11.    Determining the under or over-funded status of pensions and post-retirement plans.
12.    Calculating deferred income taxes and applying FIN 48.
13.    Preparing plans to overcome going concern problems.
14.    Proposing adjusting journal entries.

There are many more but you get the idea.  Whenever an auditor performs tasks that are management's responsibility, the auditor has performed non-attest services that can impair independence!

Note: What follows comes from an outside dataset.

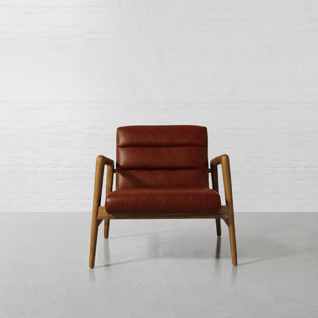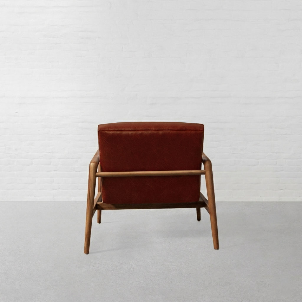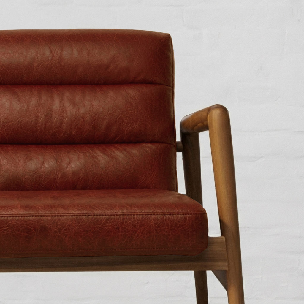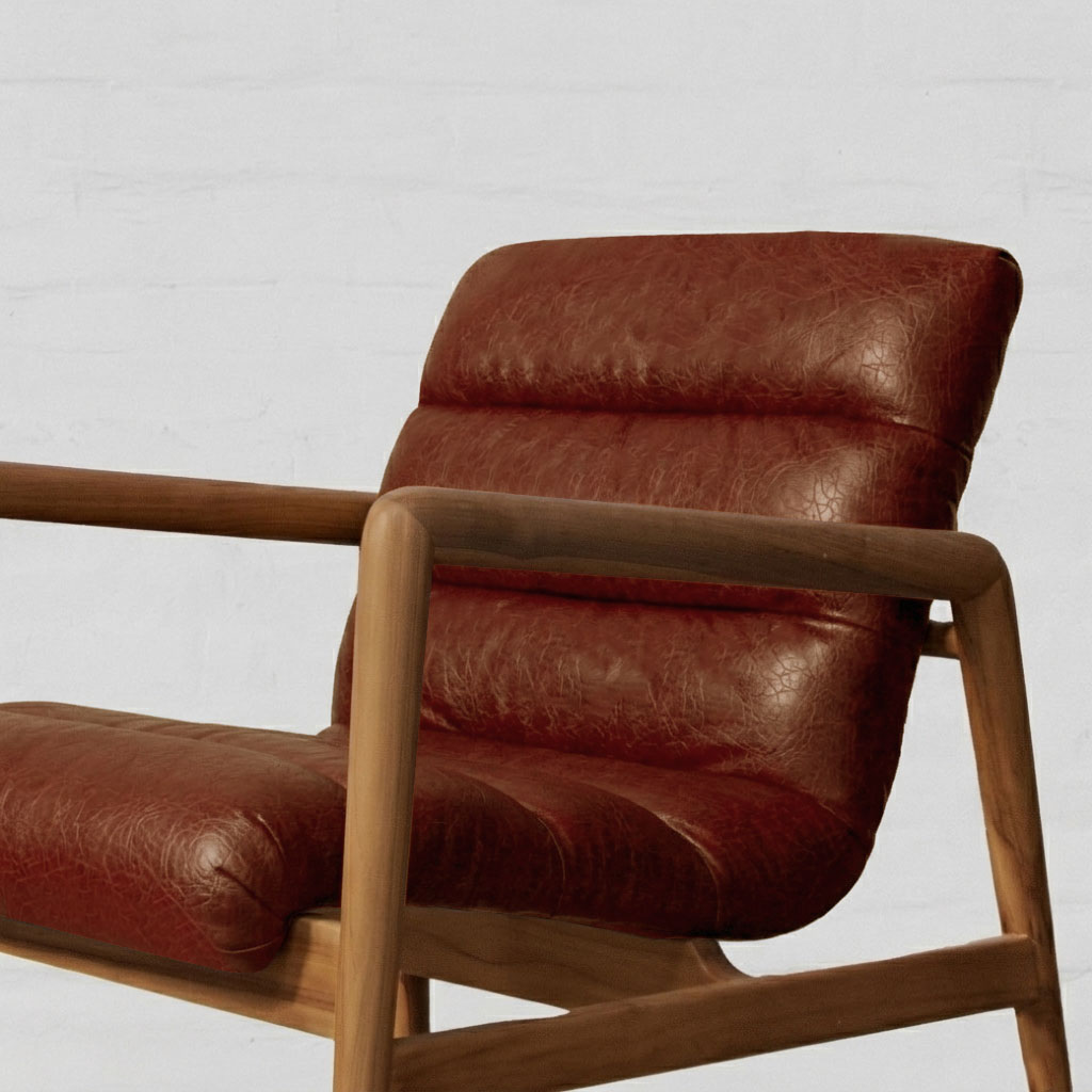 Inspired by the clean lines and functional beauty of Scandinavian design, the Odense Leather Armchair embodies simplicity with quiet refinement. Crafted from premium teak wood, its sleek frame feels both sturdy and graceful—well suited to modern, minimal interiors. The seat, upholstered in our premium leather, brings a richer, more tactile layer to the design. Subtle horizontal tufting adds comfort and visual rhythm, while the natural grain of the leather introduces depth without disrupting the chair’s restraint. Smooth, durable, and designed to age beautifully, it lends a sense of warmth to the otherwise light structure. With its balanced proportions and understated profile, the armchair retains its airy presence—offering comfort without visual weight, and elegance without excess.

With the issuance of the AICPA's Conceptual Framework for Independence Standards and its discussion of the self-review threat, the public, peer reviewers and plaintiffs’ attorneys are keenly aware of the possibility a CPA may be reviewing or auditing his/her own work! To protect ourselves from the consequences of independence impairment, I suggest the following:

1.    Specifically identify all non-attest services in the engagement and representation letters.
2.    Make sure management has assigned a person or persons with suitable skill, knowledge or experience to oversee all non-attest services.
3.    Include the name or names of persons assigned in management's representation letter.
4.    Identify and discuss all non-attest services at the engagement team's planning meeting.
5.    Obtain copies of all documentation of non-attest services with the signature of responsible client persons under a statement like this: "I have reviewed, accept and take responsibility for the information hereon."
6.    Attach a signoff sheet to a draft of the financial statements and obtain the signatures of the CEO, CFO, chairman of the board and, if possible, all board members.
7.    Obtain the signature of the CEO, CFO and at least one board member on management's representation letter (all board members if possible!).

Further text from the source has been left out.